Accordingly, the apparatus may include means (e.g., processor 202,
display 214) for generating a binocular user interface presented in
the display 101.
[0068] In this example, the apparatus 200 has determined the focus
distance of the user as focus distance 501 corresponding to the
object 103. As described with respect to FIG. 1A, the apparatus 200
has presented augmenting representations 503a and 503b for each
respective subdisplay 105a and 105b as overlays on the object 103
at the determined focus distance 501. As shown, the apparatus 200
is also presenting representations 505a and 505b of a virtual
object 507 located at a representational distance 509,
representations 511a and 511b of a virtual object 513 location at a
representational distance 515.
[0069] As illustrated in FIG. 5, the difference between the
representational distance 509 of virtual object 507 from the focus
distance 501 is greater than the difference between the
representational distance 515 of the virtual object 513 from the
focus distance 501. Accordingly, the apparatus 200 is configured
with means (e.g., processor 202) to determine the representations
505a and 505b of the virtual object 507 to have more blurring
effect than the representations 511a and 511b of the virtual object
513. In addition, because of the binocular display the
representations 503a-503b, 505a-505b, and 511a-511b are determined
so that vergence of each representation pair is appropriate for the
determined focus distance. In at least one example embodiment, the
apparatus 200 may determine the blurring effect and vergence
separately or in combination for the representations.

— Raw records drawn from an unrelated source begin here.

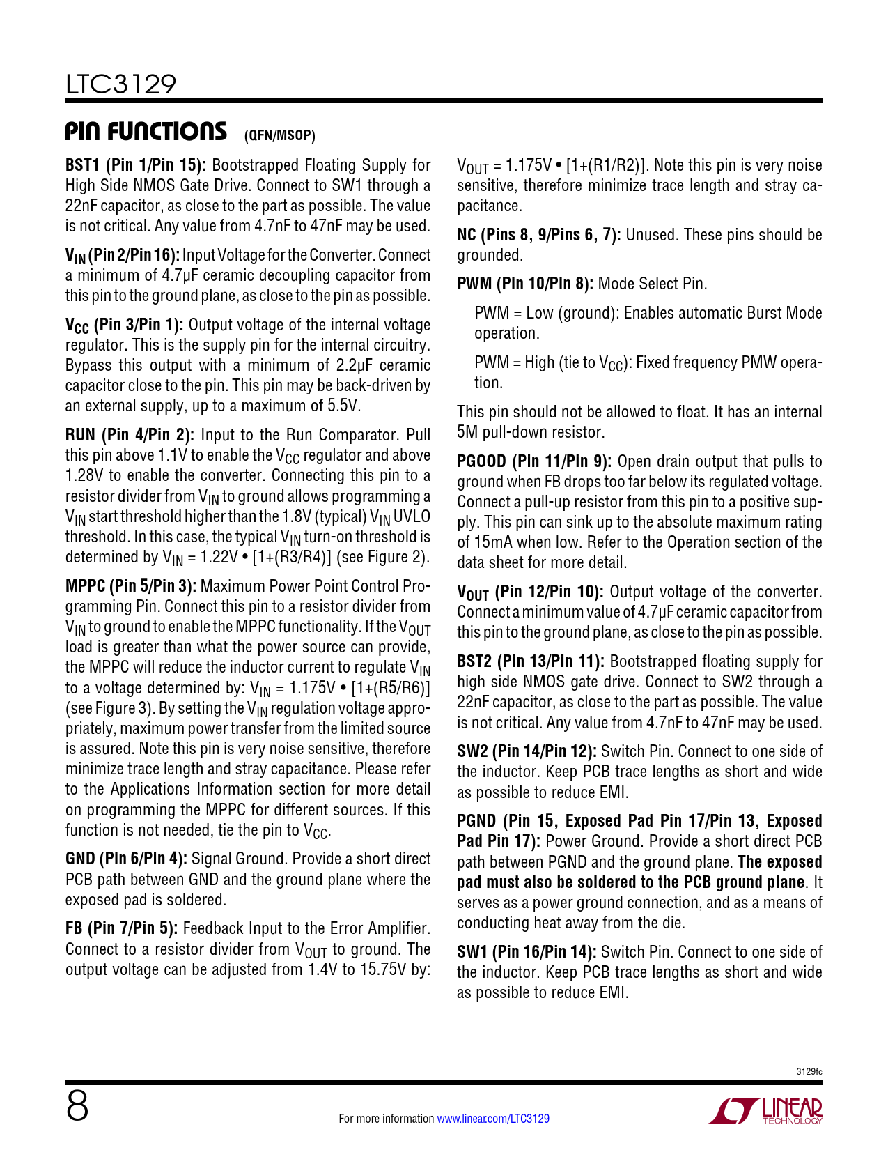 pin FuncTions (QFN/MSOP). BST1 (Pin 1/Pin 15):. NC (Pins 8, 9/Pins 6, 7):. VIN (Pin 2/Pin 16):. PWM (Pin 10/Pin 8):
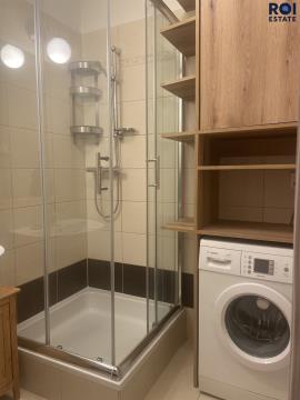 Koupelna se sprchovým koutem, vestavěná skříň, pračka Bosch a plynový kotel Baxi. Toaleta samostatně.
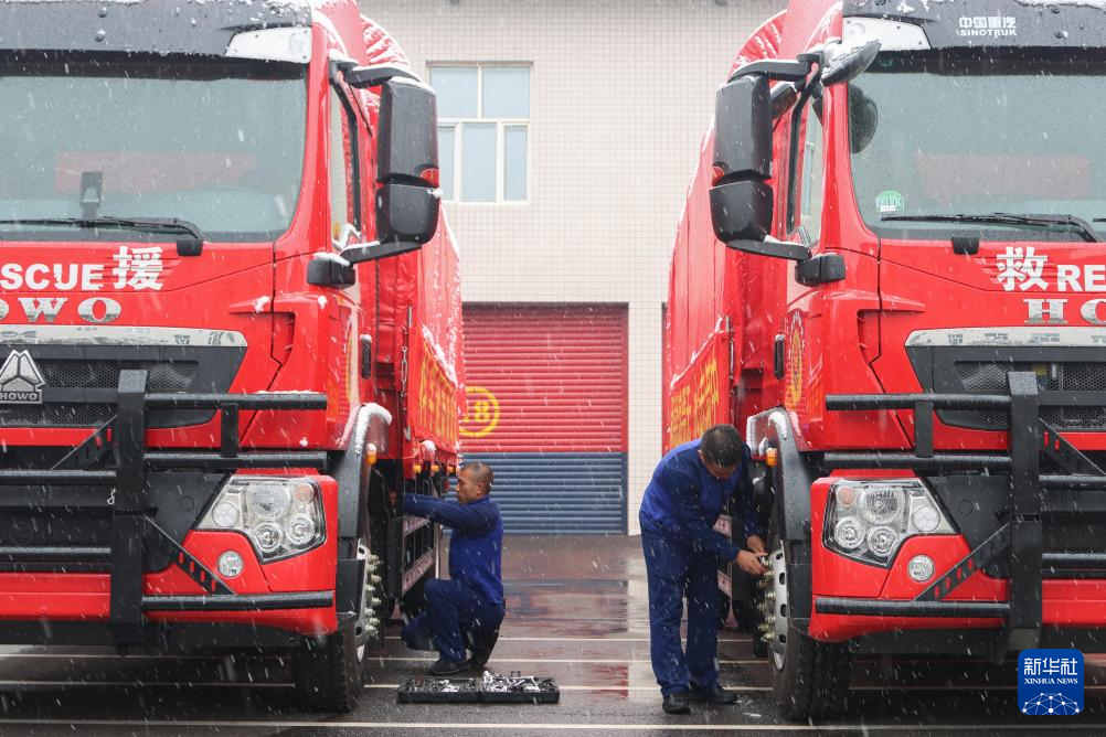 10月17日,黑龙江省森林消防总队哈尔滨市支队特勤大队消防员在雪中巡查检修救援车辆,做好应急救援准备。

[0070] FIG. 6 is a block diagram of operations for determining
focal point settings for dynamic focus optical components of
display based, according to at least one example embodiment of the
present invention. In at least one example embodiment, the
apparatus 200 and/or its components (e.g., processor 202, display
214, camera/sensors 294) of FIG. 2 preform and/or provide means for
performing any of the operations described in the process 600 of
FIG. 6. In addition or alternatively, a chip set including a
processor and a memory as shown in FIG. 8 and/or a mobile terminal
as shown in FIG. 9 may include means for performing any of the
operations of the process 600. It also is noted that the operations
601-607 of FIG. 3 are provided as examples of at least one
embodiment of the present invention. Moreover, the ordering of the
operations 601-607 can be changed and some of the operations
601-607 may be combined. For example, operation 607 may or may not
be performed or may be combined with operation 601 or any of the
other operations 603 or 605.
[0071] As noted previously, potential visual miscues and conflicts
(e.g., focus mismatches) and/or their potential impacts on the user
can be reduced or eliminated by optical and/or non-optical
techniques. The method, apparatus, and computer program product for
performing the operations of the process 600 relate to optical
techniques for determining focal point settings for dynamic focus
optical components 121 of a display 101 to reduce or eliminate
visual miscues or conflicts. Operation 601 is analogous to the
focus distance determination operations described with respect to
operation 301 of FIG. 3. For example, in operation 601, the
apparatus 200 performs and includes means (e.g., a processor 202,
camera/sensors 294, input device 212, pointing device 216, etc.)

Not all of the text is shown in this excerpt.